Мне, путешествующей с докладами, меняющей страну за страной, было и радостно, и трудно. Я видела глаза, загорающиеся любовью, когда рассказывала о русских подвижниках, о наших монастырях. Это было самой большой наградой — сознавать, что Бог живет в самых разных душах, видеть, какой красотой светятся лица совсем незнакомых, но по-настоящему родных людей.

И все же сознавала и сознаю, что мною потеряно: вся Россия для меня, как для Гоголя, монастырь — больше всего хочется помолиться в Оптиной, освятиться атмосферой Дивеева. Да просто постоять на Литургии в какой-нибудь русской церкви, неожиданно заплакать, восхититься детской доверчивостью простого народа.

И самое страшное за эти годы эмиграции — встречать Пасху вне России. Ее здесь просто нет.

Западное христианство создало могучую культуру и цивилизацию. Но «гордый взор иноплеменный» забыл о смирении, не знает юродства. А без этого все сходит на нет, что понимают и сами западные христиане.

- Можно ли сказать, что современный житель Западной Европы — свободный человек?

- Нет. Большинство несвободно. Есть свобода «от» и свобода «для». Только свобода для со-творчества с Богом освобождает человека.

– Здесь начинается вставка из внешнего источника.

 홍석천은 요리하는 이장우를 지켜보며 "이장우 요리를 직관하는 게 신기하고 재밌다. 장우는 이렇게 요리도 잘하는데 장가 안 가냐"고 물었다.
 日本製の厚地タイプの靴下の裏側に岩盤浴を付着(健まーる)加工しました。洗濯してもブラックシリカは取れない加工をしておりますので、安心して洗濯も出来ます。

Это свобода от греха. Грех (и по-гречески и по-русски) означает не-попадание в цель, о-грех. Человек не совпадает с замыслом Бога о себе. Потеряв любящего Творца, чувство реальности, доверие к Жизни, западный человек стал рабом всяких страхов. Страх — это единственное чувство, которое еще теплится в душе «последнего человека». Заглушить эти страхи проще всего суетой, шопингом, гурманством «до упаду». Свободу от ответственности и страха дают деньги — всеобщий эквивалент для обмена одной эфемерной ценности на другую.

И все же Дух Святой не перестает действовать даже там, где его почти не ждут. Например, в Париже, где сейчас живу, я подружилась с католиками-традиционалистами. Они вовсе не пугливые «реакционеры». Они смелые и открытые. Как в XVIII веке, вновь существуют салоны, где парижские интеллектуалы (и много приезжих), художники, журналисты, священники обмениваются живыми мыслями, рассказывают о том, что происходит в мире (а мир, даже западный, быстро и промыслительно меняется). У этих консервативно-революционных кругов есть возможность влиять и на остальной мир: газеты, книги, радио, выставки. Они любят Россию — за христианский максимализм, за жертвенность, за полноту литургического и аскетического опыта. Не раз мне приходилось от них слышать: Жанна д’Арк была русская. Конечно, в шутку, но близкую к «особой» истине. Аббат Гийом Танайяр сказал: у вас в России есть народ (народ — это религиозный опыт коллективного страдания и коллективной победы). Мы же во Франции только начали вставать с колен.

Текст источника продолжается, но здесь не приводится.